« À la trace » : Le mal des mères

Anne Théron et Alexandra Badea abordent la question de la maternité dans À la trace, un passionnant polar au féminin.

Anaïs Heluin  • 28 février 2018 abonné·es
« À la trace » : Le mal des mères
© Jean-louis fernandez

Si le règne des pères présente des signes d’effritement, qu’en est-il de la mère ? Après avoir travaillé sur le désir féminin à partir de Choderlos de Laclos dans Ne me touchez pas (2015), Anne Théron, artiste associée au Théâtre national de Strasbourg, décide de mener l’enquête. Mais, pour une fois, pas seule : avec l’auteure Alexandra Badea, connue pour ses pièces peuplées de personnages morcelés. « Pulvérisés », selon le titre de son texte le plus connu (L’Arche, 2012), et coincés dans des univers froids. Où le réel disparaît derrière ses représentations. L’association était prometteuse ; À la trace, créé en janvier au Théâtre national de Strasbourg, en confirme la pertinence.

Au carrefour redoutable de l’intime et du politique, cette pièce interroge la filiation à travers une captivante mosaïque de portraits féminins qui s’étend sur trois générations. Dans un des neuf cubes du building qui fait office d’écran et de mur de fond, une vieille femme, Margaux (Maryvonne Schiltz), qui se balance dans un fauteuil ouvre la pièce avant d’être avalée par l’obscurité. Apparaît alors Clara (Liza Blanchard), une jeune femme aux allures de globe-trotteuse qui part sans trop savoir pourquoi à la recherche d’une certaine « Anna Girardin ». Nom découvert sur une carte électorale le jour de la mort de son père, au fond d’un sac à main abandonné à la cave.

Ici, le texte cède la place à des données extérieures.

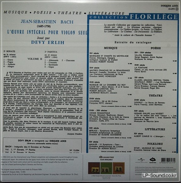 J.S. BACH SONATA AND PARTITA SONGS FOR UNACCOM VIOLIN / DEVY ERLIH > 독주곡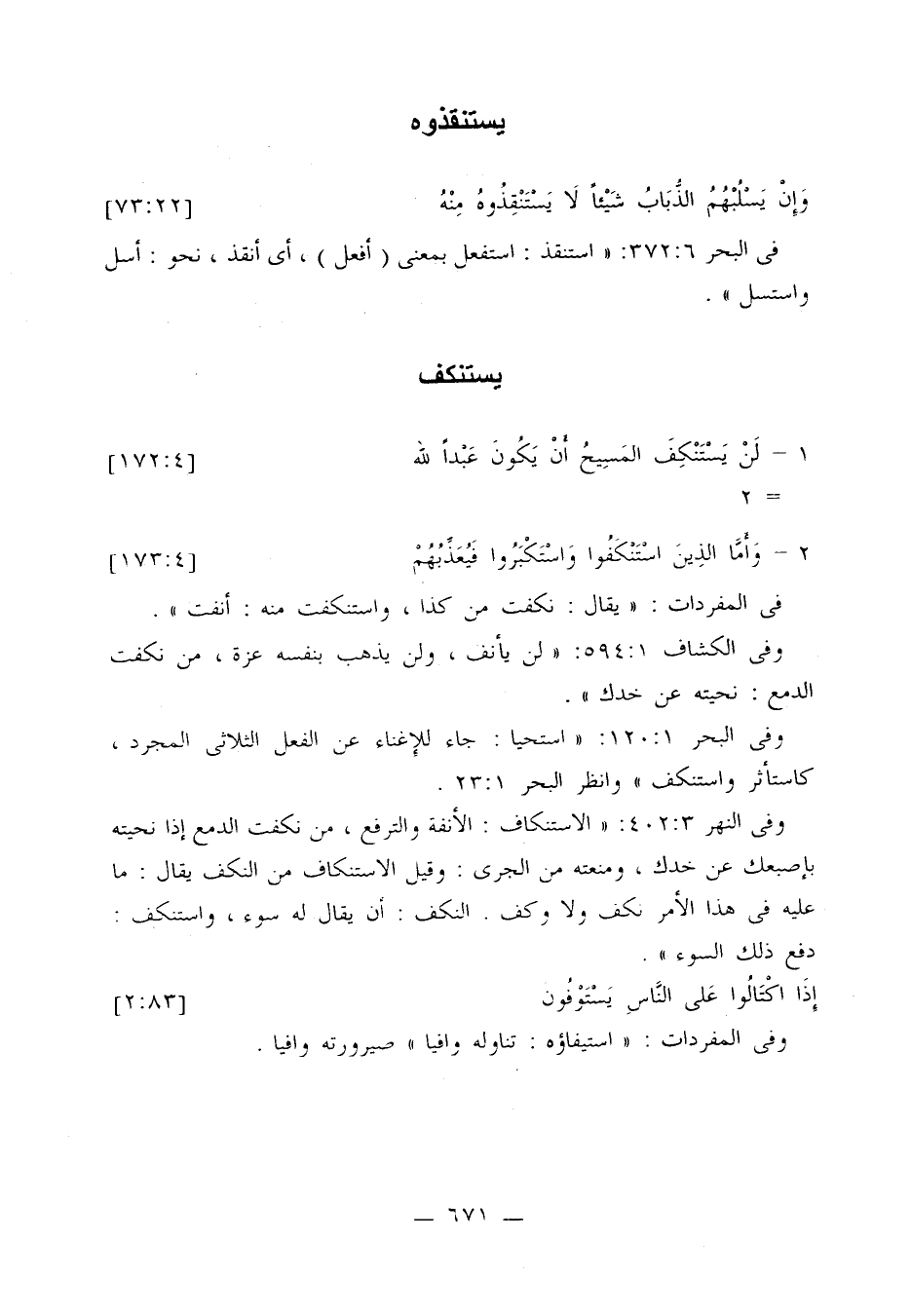 وفي النهر 3: 402: «الاستنكاف: الأنفة والترفع، من نكفت الدمع إذا نحيته بإصبعك عن خدك، ومنعته من الجري: وقيل الاستنكاف من النكف يقال: ما عليه في هذا الأمر نكف ولا كف. النكف: أن يقال له سوء، واستنكف: دفع ذلك السوء».

Si À la trace tient du polar par sa structure lacunaire, il n’en a pas le suspense : on devine d’emblée que, aussi sinueux soit-il, le parcours de Clara la mènera auprès de la dame au rocking-chair. L’inattendu tient dans les petits événements qui jalonnent le voyage. Soit les rencontres de Clara avec quatre « fausses » Anna Girardin – une chanteuse de cabaret, une avocate, une écologiste installée dans une communauté autogérée et une spécialiste en audio-psycho–phonologie – toutes interprétées par Judith Henry, et les conversations de la « vraie » Anna (Nathalie Richard) avec des inconnus, par écrans interposés.

Comme Pulvérisés, À la trace est une fiction transfrontalière. Un récit où la solitude des mères et des filles, leur incapacité à vivre leur relation selon les schémas existants, offre une image du monde actuel. Où les distances géographiques sont abolies, au profit de nouveaux abîmes. Loin de regarder ceux-ci avec une stupeur désespérée, Anne Théron et Alexandra Badea affirment à travers leurs personnages voyageurs un désir de réinvention des affects. Et de véritables récits du tout-monde où les langues se mêleraient autant que les formes. Dans une intelligence que laisse imaginer la manière très personnelle dont la metteuse en scène réussit à mettre son goût pour le cinéma et la littérature de genre au profit du théâtre, tout en évitant la mode du film réalisé en direct.

Grâce à des courts métrages qui donnent à voir les interlocuteurs virtuels d’Anna – interprétés par Yannick Choirat, Alex Descas, Wajdi Mouawad et Laurent Poitrenaux –, À la trace place le virtuel au cœur de l’intime. Et inscrit les problèmes de la filiation et de la condition féminine dans celle, plus vaste, de la transformation des rapports humains à l’ère numérique.

Équipées de micros HF, Maryvonne Schiltz, Liza Blanchard, Judith Henry et Nathalie Richard, toutes remarquables dans leur façon d’exprimer les failles de leurs personnages sans verser dans la complainte, sont au cœur du dispositif technique du spectacle. Impliquées dans toutes les étapes du projet, elles en sont pleinement maîtresses. Et portent ainsi en tant qu’artistes un équilibre que n’ont pas encore trouvé Clara, Margaux et les multiples Anna. Mais vers lequel elles s’acheminent.

À la trace, du 28 février au 3 mars aux Célestins, à Lyon ; du 20 au 23 mars à la Comédie de Béthune ; du 24 au 27 avril à la MC2, à Grenoble ; et du 2 au 26 mai à la Colline, à Paris.